Problem description: Everything below from the line with "Pepperstone Group Ltd.策略师Dilin" through the line with "Зажим Зубр 4-304445-06" must be retyped exactly, except the pictures.

Data:
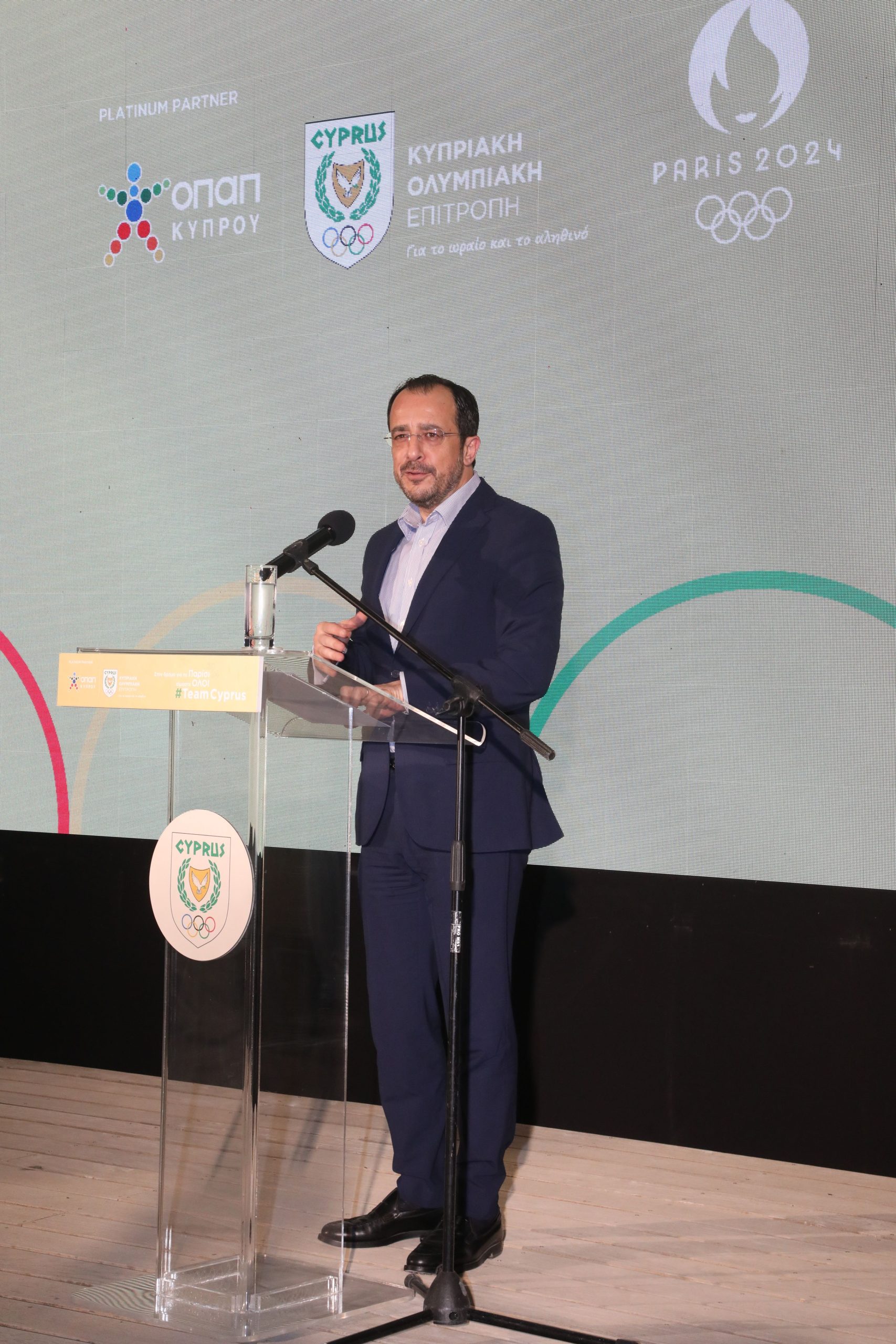Ο Πρόεδρος της Δημοκρατίας συνεχάρη τους αθλητές για την εξασφάλιση της συμμετοχής τους στους Ολυμπιακούς στο Παρίσι, μεταφέροντας τη σιγουριά του ότι θα δώσουν τoν καλύτερο εαυτό τους για να τιμήσουν τα χρώματα της Κύπρου. Εξέφρασε επίσης την ικανοποίηση του για το συνολικό έργο της Κυπριακής Ολυμπιακής Επιτροπής καθώς και τις ευχαριστίες του στους χορηγούς, τονίζοντας ιδιαίτερα την πολύμορφη στήριξη της ΟΠΑΠ Κύπρου, όχι μόνο στον αθλητισμό του τόπου. Αξίζει να σημειωθεί ότι ο κύριος Χριστοδουλίδης συμμετείχε και στο σχετικό φιλμάκι μέσα από το οποίο προβάλλεται το μήνυμα ότι «στο δρόμο για το Παρίσι είμαστε όλοι η ομάδα της Κύπρου».
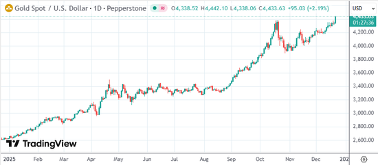 Pepperstone Group Ltd.策略师Dilin Wu表示:“今日的上涨,主要由围绕美联储降息预期的提前布局所推动,并在年底流动性偏薄的背景下被放大。”
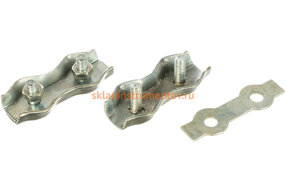 Зажим Зубр 4-304445-06 применяется для формирования петель на концах троса. Свободный конец троса помещается в зажим, а затем в полученную петлю закладывается коуш, после которого трос помещается с другой стороны винта. Необходимо, чтобы конец троса, помещаемый в зажим, выходил из него на расстояние не менее чем 1/2 диаметра троса. Сверху помещается прижимная пластина, и все соединение накрепко закручивается при помощи гаек. Зажим изготовлен из оцинкованной стали. Тип фасовки — ТФ5.
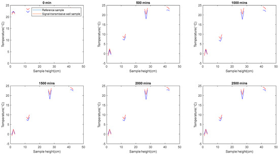 The thermal data indicated that the trigger time was 22 November 2022, at 4:11:03 P.M. The measurement results obtained at 0, 500, 1000, 1500, 2000, and 2500 min are presented in Figure 5, where the x axis and y axis represent the sample height and temperature, respectively. The temperatures of the sampling points were around 23 °C (room temperature) at the initial state (0 min). However, the lower sampling points experienced rapid temperature changes within 2500 min. For instance, the temperature at the sampling point located at a height of 12.5 cm (the intersection between the first concrete and rock wool layer) decreased from 23 °C at 0 min to 6.2 °C after 500 min and remained at 5.3 °C after 1000 min. The thermal performances of the two samples appeared to be the same with consideration of the ambient temperature differences, which have been verified using the COMSOL in [19]. However, some thermal property parameters of the handmade samples in the laboratory significantly deviated from their theoretical values. For example, the density of rock wool was 140 kg/m3 in theory, while the laboratory measurement value was 56.15 kg/m3. Therefore, it was essential to find the true values of these parameters. To further study the thermal properties, we proposed a new method based on the laboratory measurement results. It will be presented in the next section.

Solution to this problem:
 Pepperstone Group Ltd.策略师Dilin Wu表示:“今日的上涨,主要由围绕美联储降息预期的提前布局所推动,并在年底流动性偏薄的背景下被放大。”
 Зажим Зубр 4-304445-06 применяется для формирования петель на концах троса. Свободный конец троса помещается в зажим, а затем в полученную петлю закладывается коуш, после которого трос помещается с другой стороны винта. Необходимо, чтобы конец троса, помещаемый в зажим, выходил из него на расстояние не менее чем 1/2 диаметра троса. Сверху помещается прижимная пластина, и все соединение накрепко закручивается при помощи гаек. Зажим изготовлен из оцинкованной стали. Тип фасовки — ТФ5.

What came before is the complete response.